Margin laba kotor naik dari 15,6% menjadi 16,6% dan margin laba bersih meningkat dari 4,9% menjadi 7,2%. Kinerja tersebut cukup solid karena terjadi ketika produksi CPO turun 2,1% YoY dan volume TBS yang diolah turun 4%.
Perbaikan ditopang kenaikan oil extraction rate menjadi 19,5% dan pertumbuhan penjualan domestik sebesar 5,8%.
Selain AALI, LSIP juga mencatatkan kinerja cukup kuat. Pendapatannya meningkat sekitar 15,9% menjadi Rp 2,69 triliun dan laba bersih yang diatribusikan kepada pemilik induk tumbuh sekitar 24,7% menjadi Rp 891 miliar.
“Namun, kualitas pertumbuhan laba LSIP perlu dilihat lebih hati-hati karena laba kotor justru menurun dan kenaikan laba usaha turut dibantu oleh keuntungan perubahan nilai wajar aset biologis serta peningkatan penghasilan operasi lainnya,” katanya.
David melihat, kinerja emiten CPO di semester II 2026 berpotensi membaik seiring masuknya siklus puncak produksi (peak crop season).
Sentimen positif di semester II nanti adalah ketatnya pasokan minyak nabati kompetitor (minyak kedelai dan minyak bunga matahari) serta konsistensi kebijakan energi hijau domestik.
“Sentimen negatif berasal dari fluktuasi permintaan impor dari negara pembeli utama, seperti India dan China, serta dinamika regulasi perdagangan internasional,” ungkapnya.
Ester berpandangan, dampak kebijakan B50 tidak serta-merta sama besar bagi seluruh emiten di sisa tahun 2026. Manfaat kebijakan ini akan lebih optimal bagi perusahaan yang mampu meningkatkan volume produksi, menjaga tingkat ekstraksi, dan mengendalikan biaya.

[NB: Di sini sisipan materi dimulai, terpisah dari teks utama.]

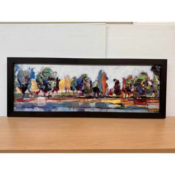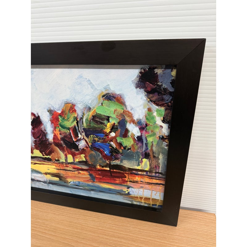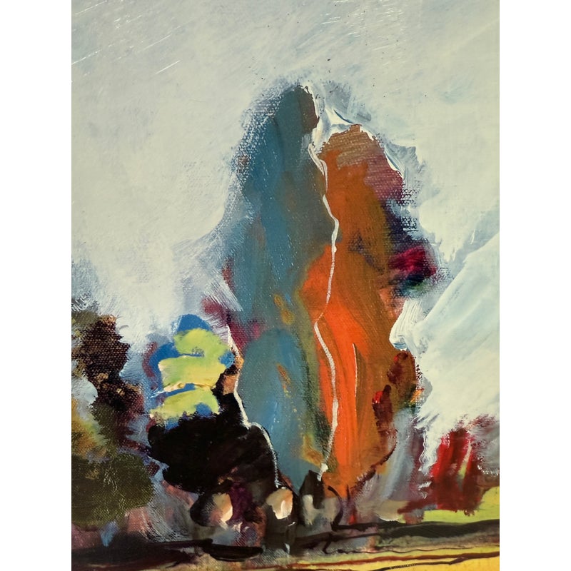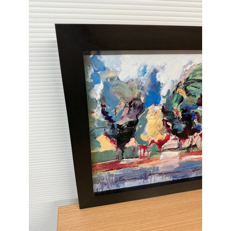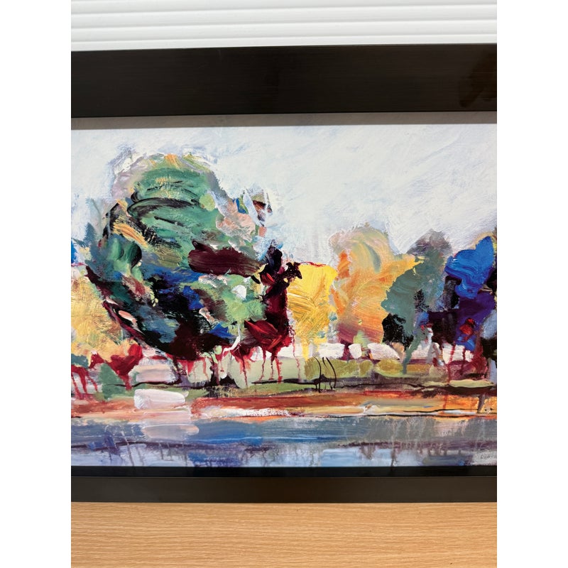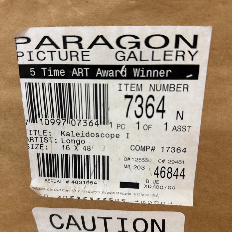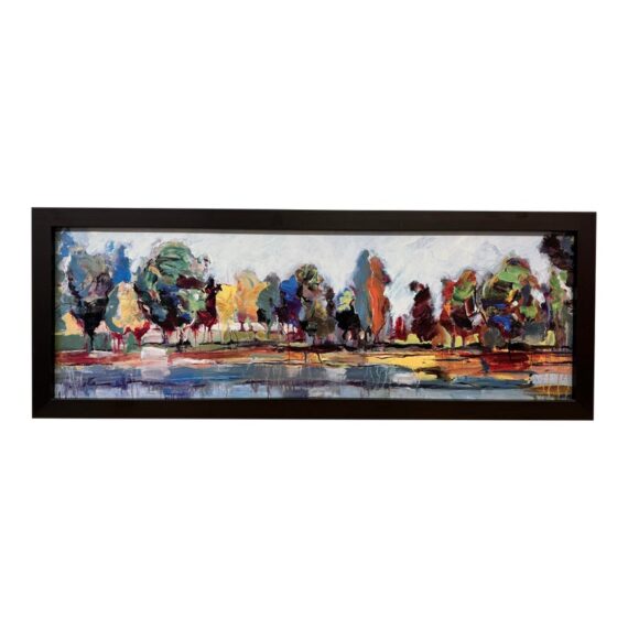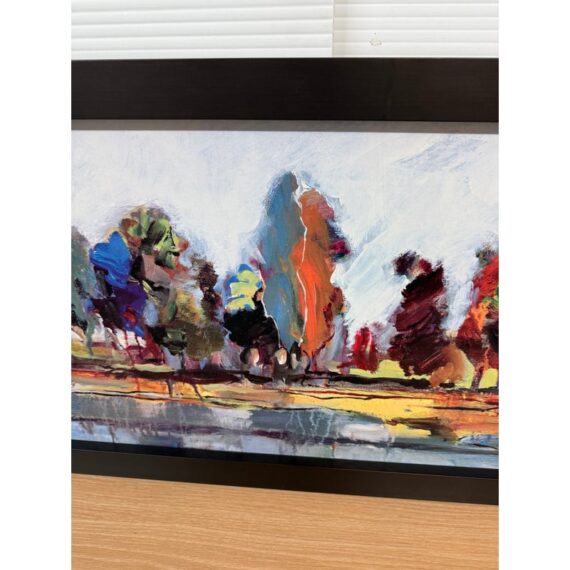 Design Plus Gallery presents Kaleidoscope I by Michael Longo. This is a giclée print, is a high-quality archival digital made with special inkjet printers using pigment-based inks and acid-free fine art papers or canvas, resulting in superior color accuracy, detail, and longevity compared to a standard print. Kaleidoscope I is an interesting landscape print as the colors used to portray a tree lined drive are surprising. The colors are all over the place and fragmented, turning this landscape piece into an optical illusion of sorts. It is in good condition with the frame shop signature, Paragone Picture Gallery, authenticating it for you.

Pelaku industri juga masih menunggu penyesuaian alokasi biodiesel, sementara sisa stok B40 masih dapat digunakan hingga akhir September 2026.
“Oleh karena itu, kontribusi B50 kemungkinan baru terlihat lebih kuat secara bertahap,” ungkapnya.
Baca Juga: IHSG Ditutup Melemah, Analis Ungkap Penyebab dan Saham Pilihan Besok Selasa (4/8)
Di sisi lain, cuaca juga menjadi faktor penting. National Oceanic and Atmospheric Administration (NOAA) memperkirakan peluang sebesar 81% terjadinya El Niño sangat kuat pada periode Oktober-Desember 2026. Kekeringan dapat mengurangi produksi dan meningkatkan risiko kebakaran.
“Dalam jangka pendek kondisi ini dapat menopang harga CPO karena kekhawatiran pasokan, tetapi dalam jangka lebih panjang dapat menekan volume produksi dan meningkatkan biaya operasional emiten,” tuturnya.
Untuk keseluruhan 2026, Ester melihat AALI sebagai kandidat jawara di antara peers emiten CPO dengan kombinasi kinerja dan eksekusi paling solid, setelah menunjukkan pertumbuhan laba dan perbaikan margin pada semester I.
“Sementara itu, TAPG menjadi kandidat dengan potensi pertumbuhan lebih agresif apabila produksi pulih pada semester II dan biaya pupuk dapat dikendalikan,” paparnya.
David menyarankan investor melirik saham LSIP dan TAPG. Sementara, Ester merekomendasikan trading buy untuk AALI, TAPG, LSIP, dan DSNG dengan target harga terdekat di Rp 7.350 - Rp 7.500 per saham, Rp 1.900 - Rp 2.000 per saham, Rp 1.550 - Rp 1.600 per saham, dan Rp 1.450 - Rp 1.500 per saham.